The last US combat brigade pulled out of Iraq at dawn yesterday, a key milestone in the withdrawal of US forces more than seven years after the US-led invasion ousted former Iraqi president Saddam Hussein.
Under the cover of dark, the 4th Stryker Brigade, 2nd Infantry Division, crossed the border into Kuwait ahead of the planned declaration of an end to US combat operations in Iraq by an Aug. 31 deadline.
“Yes, they did,” Lieutenant Colonel Eric Bloom said, when asked if the brigade had crossed into Kuwait. “The last one crossed at about 6am this morning.”
PHOTO: REUTERS/US ARMY
“They have a few more days to clean the equipment, prepare the equipment, get it ready for shipment and then they’ll fly out [to the US],” he said.
It took two days for 360 vehicles and 1,200 soldiers to travel from Camp Liberty on Baghdad’s outskirts and Camp Taji north of the capital, through the Shiite south, and into the Gulf emirate, Bloom said.
He said the rest of the 4,000-strong brigade left Iraq by air.
Captain Russell Varnado at Camp Arifjan, a major US base about 70km south of Kuwait City, said “the combat troops have finished moving.”
“The troops are transitioning now.

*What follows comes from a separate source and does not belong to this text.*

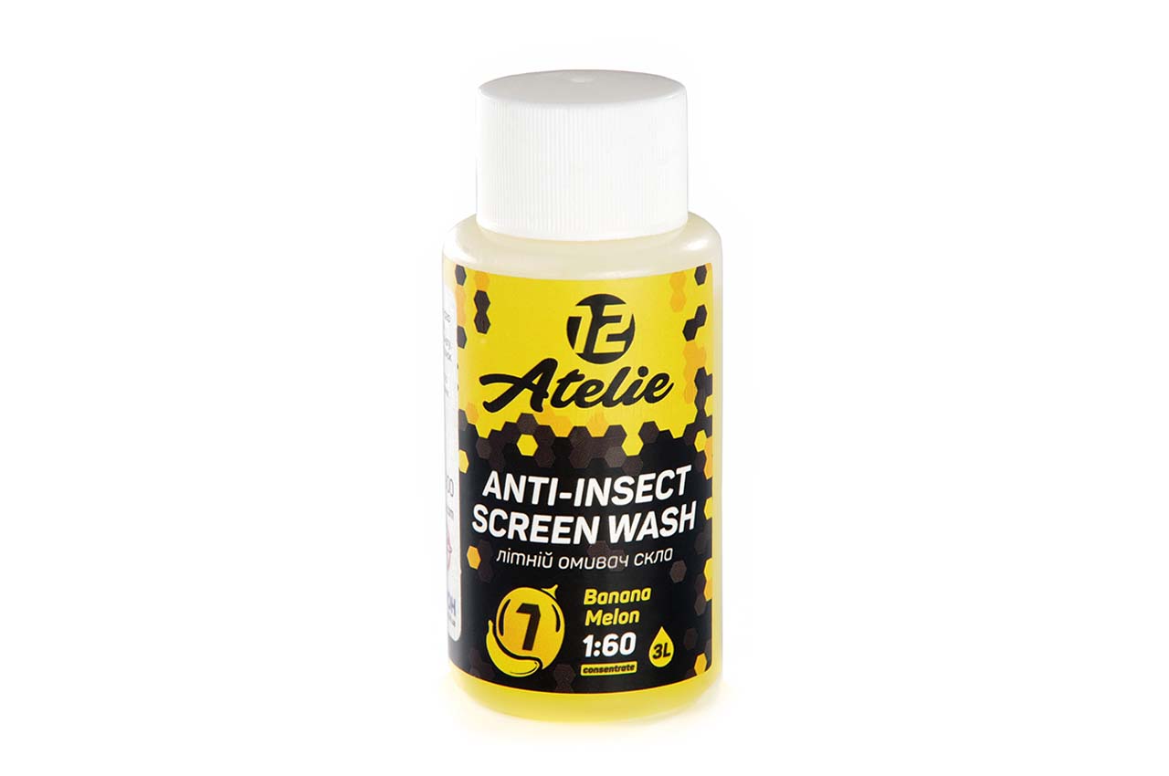 Омивач скла антимошка 12 Atelie - призначений для усунення з поверхонь фар головного світла і лобового скла слідів комах та інших забруднень, що важко виводяться. Є сильно концентрованим засобом і вимагає розведення в пропорції 1:60, даної баночки вистачить на 3 літри розчину.

They are scheduled to go back home soon,” he said, without giving a specific date.
About 56,000 US soldiers remain in Iraq, with that figure set to drop to 50,000 by Sept. 1. At that point, the US mission in Iraq will be re-named “Operation New Dawn,” from “Operation Iraqi Freedom” — the name given to US operations here since the invasion.
The remaining 6,000 soldiers who will leave the country in the next two weeks are clustered throughout Iraq, Captain Sarah Baumgardner said.
“It is about a transition to a change of mission, going from combat operations to stability operations,” Major General Stephen Lanza said in an interview with US television channel MSNBC.